Restricted stock awards are shares of Company Common Stock that are subject to cancellation, restrictions, and vesting conditions, as determined by the Compensation Committee. The shares may be either granted or sold to the participant.

Restricted Stock Units

Restricted stock units entitle a participant to receive one or more shares of Company Common Stock in the future upon satisfaction of vesting conditions determined by the Compensation Committee. The Compensation Committee determines whether restricted stock units will be settled through the delivery of shares, cash of equivalent value, or a combination of shares and cash.

Performance Stock and Performance Units

Performance stock and performance unit awards entitle a participant to receive a target number of shares if specified performance targets are achieved during a specified performance period. The Compensation Committee sets the performance targets and performance period at the date of grant. When the Compensation Committee determines the performance targets have been satisfied, performance stock and performance units are settled through the delivery of shares of Company Common Stock, cash of equivalent value, or a combination of cash and shares.

Section 162(m) Performance-Based Awards

The Compensation Committee may determine whether any award is a “performance-based” award for purposes of Section 162(m) of the Internal Revenue Code of 1986, as amended, which we refer to as the “Code.” Any awards designated to be “performance-based compensation” will be conditioned on the achievement of one or more specified performance goals established by the Compensation Committee at the date of grant.
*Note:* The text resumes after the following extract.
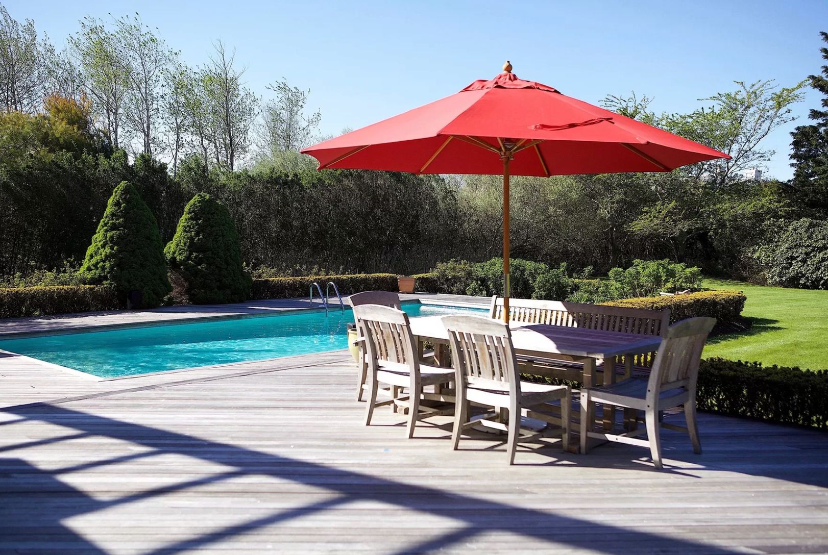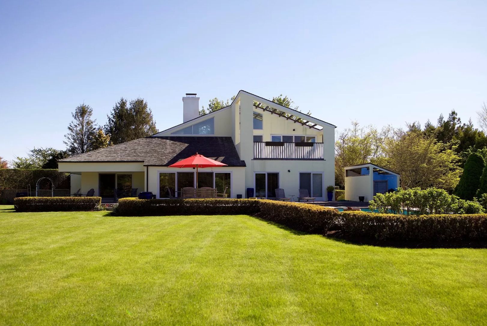 This 4-bedroom, 3-bath home, designed by a notable architect, is located on one of Sagaponack's nicest streets and on possibly the most gorgeous acreage in the area. This uncommon and spectacular home features 1.5 acres of groomed lawns, specimen plantings, lovely vistas, and, of course, a gunite pool.

The performance goals will be comprised of specified levels of one or more of the following performance criteria, as the Compensation Committee deems appropriate: net income; cash flow or cash flow on investment; pre-tax or post-tax profit levels or earnings; growth in managed assets; operating earnings; return on investment; earned value added; expense reduction levels; free cash flow; free cash flow per share; earnings per share; net earnings per share; return on assets; return on net assets; return on equity; return on capital; return on sales; operating margin; total stockholder return or stock price appreciation; EBITDA; adjusted EBITDA; revenue; or revenue before deferral, in each case determined in accordance with generally accepted accounting principles consistently applied on a business unit, subsidiary or consolidated basis or any combination thereof.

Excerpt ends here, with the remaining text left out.